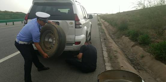 在得知情況后,民警迅速在現(xiàn)場(chǎng)后方設(shè)置好減速警告標(biāo)志和反光錐筒,指揮疏導(dǎo)后方交通,引導(dǎo)后方來(lái)車減速安全行駛。在做好各項(xiàng)安全措施之后,民警立即幫駕駛員開(kāi)始更換輪胎,前后共用了二十多分鐘,終于將輪胎換好,駕駛員激動(dòng)地握住民警的手說(shuō):“非常感謝你們,沒(méi)有你們的及時(shí)相助今天就麻煩了,路過(guò)的人們也不愿意停車,真的是太感謝你們了”。民警說(shuō),這是我們應(yīng)該做的,車壞在路上,放誰(shuí)身上都著急,幫個(gè)忙是應(yīng)該的,在駕駛員準(zhǔn)備出發(fā)時(shí),民警對(duì)沿黃公路的路況及周邊的加油站和修理鋪進(jìn)行了簡(jiǎn)單的介紹,并將自己的手機(jī)號(hào)留給了司機(jī),如果在沿黃路上遇到困難可以打電話進(jìn)行求助,我們每天24小時(shí)都有值班人員。
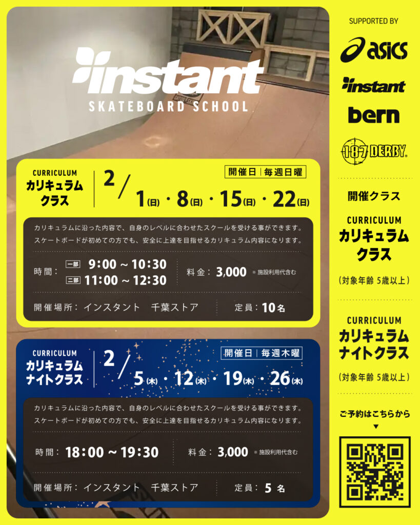 ▶千葉みなとスクールの詳細やご予約はこちらから→【ご予約専用ページhttps://instant-skateschool.jp/chiba/
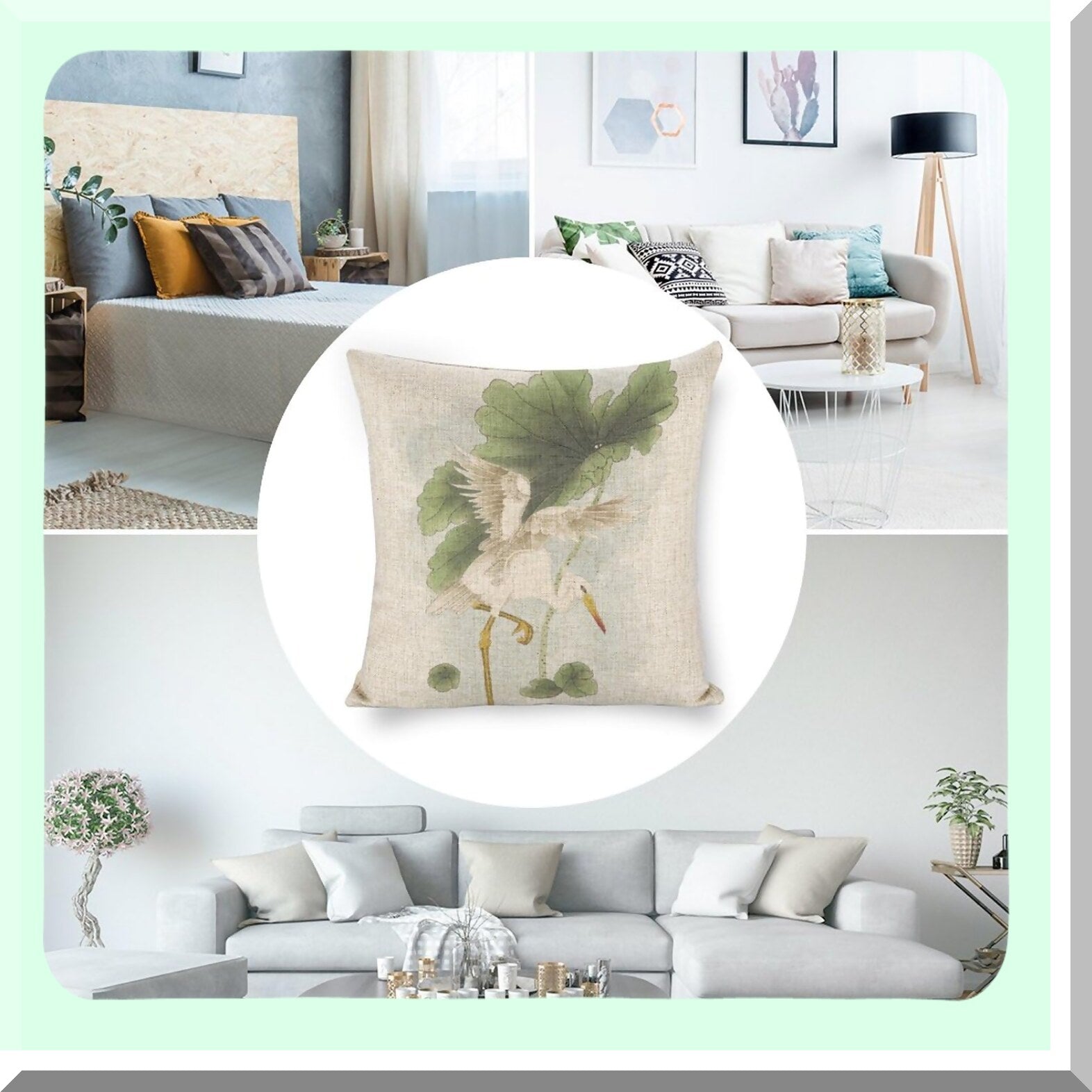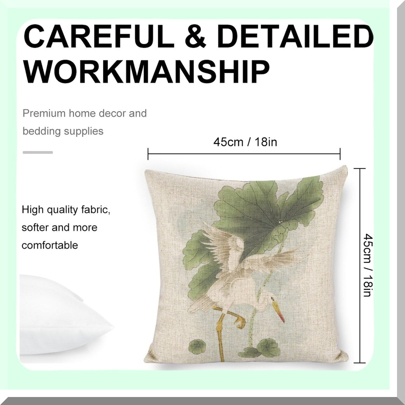 Rustic Heron Linen Throw Pillow Covers 18x18 Inch - Double Sided Zipper Decor Cushion Case for Farmhouse Couch Sofa Bed Outdoor Décor
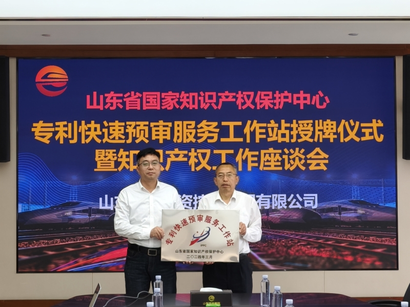 4月22日上午,山東鐵投集團與山東省國家知識產(chǎn)權保護中心舉行了“專利快速預審服務工作站”授牌儀式。集團總工程師孫洪斌、省國家知識產(chǎn)權保護中心副主任尹強民參加活動。
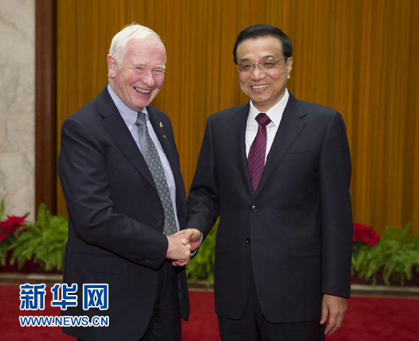 10月18日,国务院总理李克强在北京人民大会堂会见加拿大总督约翰斯顿。 新华社记者黄敬文摄
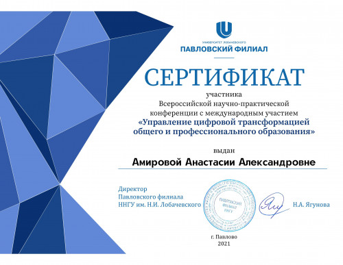 3 марта 2021 года преподаватели ПЦК юридических дисциплин Абдрахимова Л.А., Амирова А.А., Чугунова Э.А. приняли участие в работе научно-практической конференции с международным участием «Управление цифровой трансформацией общего и профессионального образования», проведенной ФГАОУ ВО «Национальный исследовательский Нижегородский государственный университет им. Н.И. Лобачевского».
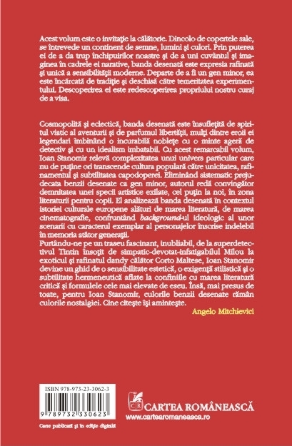 Acest volum este o invitatie la calatorie. Dincolo de copertele sale, se intrevede un continent de semne, lumini si culori. Prin puterea ei de a da trup inchipuirilor noastre si de a uni cuvintul si imaginea in cadrele ei narative, banda desenata este expresia rafinata si unica a sensibilitatii moderne. Departe de a fi un gen minor, ea este incarcata de traditie si deschisa catre temeritatea experimentului. Descoperirea ei este redescoperirea propriului nostru curaj de a visa. „Cosmopolita si eclectica, banda desenata este insufletita de spiritul viatic al aventurii si de parfumul libertatii, multi dintre eroii ei legendari imbinind o incurabila noblete cu o minte agera de detectiv si cu un idealism imbatabil. Cu acest remarcabil volum, Ioan Stanomir releva complexitatea unui univers particular care nu de putine ori transcende cultura populara catre unicitatea, rafinamentul si subtilitatea capodoperei. Eliminind sistematic prejudecata benzii desenate ca gen minor, autorul reda convingator demnitatea unei specii artistice exilate, cel putin la noi, in zona literaturii pentru copii. El analizeaza banda desenata in contextul istoriei culturale europene alaturi de marea literatura, de marea cinematografie, confruntind background-ul ideologic al unor scenarii cu caracterul exemplar al personajelor inscrise indelebil in memoria atitor generatii. Purtindu-ne pe un traseu fascinant, inubliabil, de la superdetectivul Tintin insotit de simpatic-devotat-infatigabilul Milou la exoticul si rafinatul dandy calator Corto Maltese, Ioan Stanomir devine un ghid de o sensibilitate estetica, o exigenta stilistica si o subtilitate hermeneutica aflate la confiniile cu marea literatura critica si formulele cele mai elevate de eseu. Insa, mai presus de toate, pentru Ioan Stanomir, culorile benzii desenate ramin culorile nostalgiei. Cine citeste isi aminteste.” (Angelo Mitchievici)
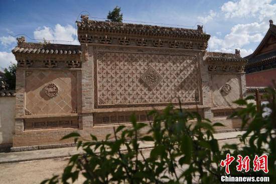 青海省海南藏族自治州贵德县黄河岸畔文庙及玉皇阁古建筑群内的关帝庙青砖照壁。马铭言 摄
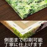 キャンバスは木枠裏側でタッカー止めし、表側からは金具は見えない仕様です(包張り仕上げ)。そのため、木枠側面にあたる部分にも印刷可能なタイプです。
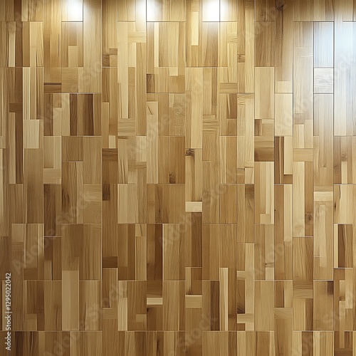 Fototapeta premium Modern parquet wood flooring texture, interior wall, spotlights, design
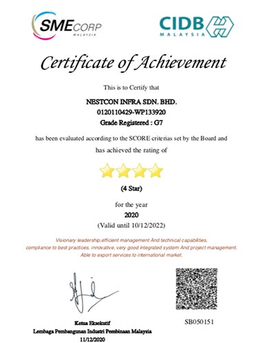 NESTCON INFRA SDN BHD was awarded the prestigious CIDB 4 Star SCORE Award in year 2020.
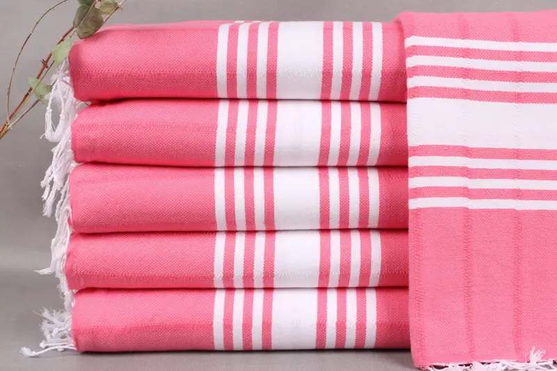 Organic Turkish cotton fiber composition characterizes these towels, ensuring high absorbency and softness. Each towel measures 40x71 inches or 100x180 centimeters, with a weight of 380 grams. Resulting in a hand-weaving tolerance of ±2 inches or 5 centimeters.
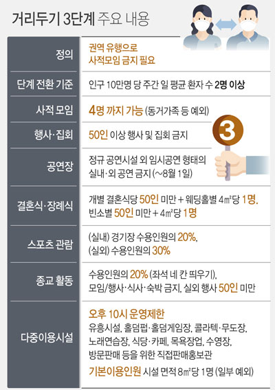 비수도권 사회적 거리두기 3단계 기준 및 사회적 거리두기 3단계 지침 내용
* * *
**Work to complete:**
Please return, without any change, the lines from the line containing "Organic Turkish cotton" through the last line of the entries, dropping the pictures.

**Solution to the exercise:**
 Organic Turkish cotton fiber composition characterizes these towels, ensuring high absorbency and softness. Each towel measures 40x71 inches or 100x180 centimeters, with a weight of 380 grams. Resulting in a hand-weaving tolerance of ±2 inches or 5 centimeters.
 비수도권 사회적 거리두기 3단계 기준 및 사회적 거리두기 3단계 지침 내용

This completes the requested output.